CUMHURİYET ve DEMOKRASİ (15)   

          Bu konuyu, bu yazı dizisi boyunca uzattığımız sanılabilir.

          Oysa Cumhuriyet’imizin yüzüncü yılı gibi tarihsel bir dönüm noktasında, ne Cumhuriyet ve ne de kurucu iradesi olan Mustafa Kemal gereği gibi işlenmiştir diyoruz.

          O nedenle, sıradan yurttaşlarımız olduğu kadar ve onlardan daha fazla, Cumhuriyet’i anlatmak konumunda olan akademisyen, aydın, entelektüel vb kesimlere de Cumhuriyet’i anlatmak gerektiğini ileri sürüyoruz.

          İddia ediyorum, bu konuda söz söyleme yetkinliğine sahip insan (compétent)  sayısının Türkiye’de bir elin parmaklarını geçmediği apaçık ortaya çıkmış bulunmaktadır.

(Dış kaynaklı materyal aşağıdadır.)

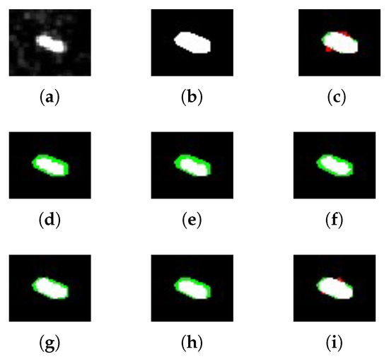 In the label smoothing module, we first apply a median filter to the output, smoothing the edges and removing the small size of the pepper noise. Then, we use an eight-connected neighborhood clustering module [38] to cluster all pixels, calculate the area of each connected domain, and retain the max area of the connected domain. If any two pixels and in result maps M have intersection areas in their eight-connected neighborhoods, i.e.,

          Oysa, örneğin Fransız Devrimi’nin İki yüzüncü yıl kutlamaları sırasında, Devrim’le yani Cumhuriyet’le ilgili Fransızca ve yabancı dillerde iki yüzün üzerinde bilimsel çalışma yayımlanmıştır.

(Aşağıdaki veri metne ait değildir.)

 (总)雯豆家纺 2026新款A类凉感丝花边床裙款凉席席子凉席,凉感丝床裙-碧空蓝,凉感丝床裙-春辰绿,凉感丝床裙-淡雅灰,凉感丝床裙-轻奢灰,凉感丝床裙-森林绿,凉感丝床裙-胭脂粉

          Bunlardan birinde, Hobsbawm, Devrimin tarihi değil ama, onun algılanış ve yorumlanışının tarihi ve son iki yüzyıla bıraktığı iz (ve miras) konusunda yeterli yayın yapılmadığından yakınacaktır (1).

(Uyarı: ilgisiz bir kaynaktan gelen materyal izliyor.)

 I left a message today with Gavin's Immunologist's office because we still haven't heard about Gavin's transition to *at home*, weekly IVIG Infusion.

          Türkiye’de ise, Mustafa Kemal’in Cumhuriyet’in ilan edileceği günün akşamında ne yediği, o gece hangi pijamasını giydiği, Meclis’e gelirken kaç sigara içtiği gibi konuları anlatmakla yetinildiğini gözlemliyoruz.

          Böylece, örneğin Montesquie’nün hangi eserinin hangi tümcesini çizdiği ya da Rousseau için ne düşündüğünü öğrenmek gibi bir amaçlarının olmadığını anlıyoruz.

          Hal böyle olunca, Cumhuriyet ne imiş, nasıl korunması gerekirmiş ve ya da bugün Cumhuriyet’ten geriye ne kalmışı değerlendirecek temel bilgilerden yoksun kalınmış olmaktadır.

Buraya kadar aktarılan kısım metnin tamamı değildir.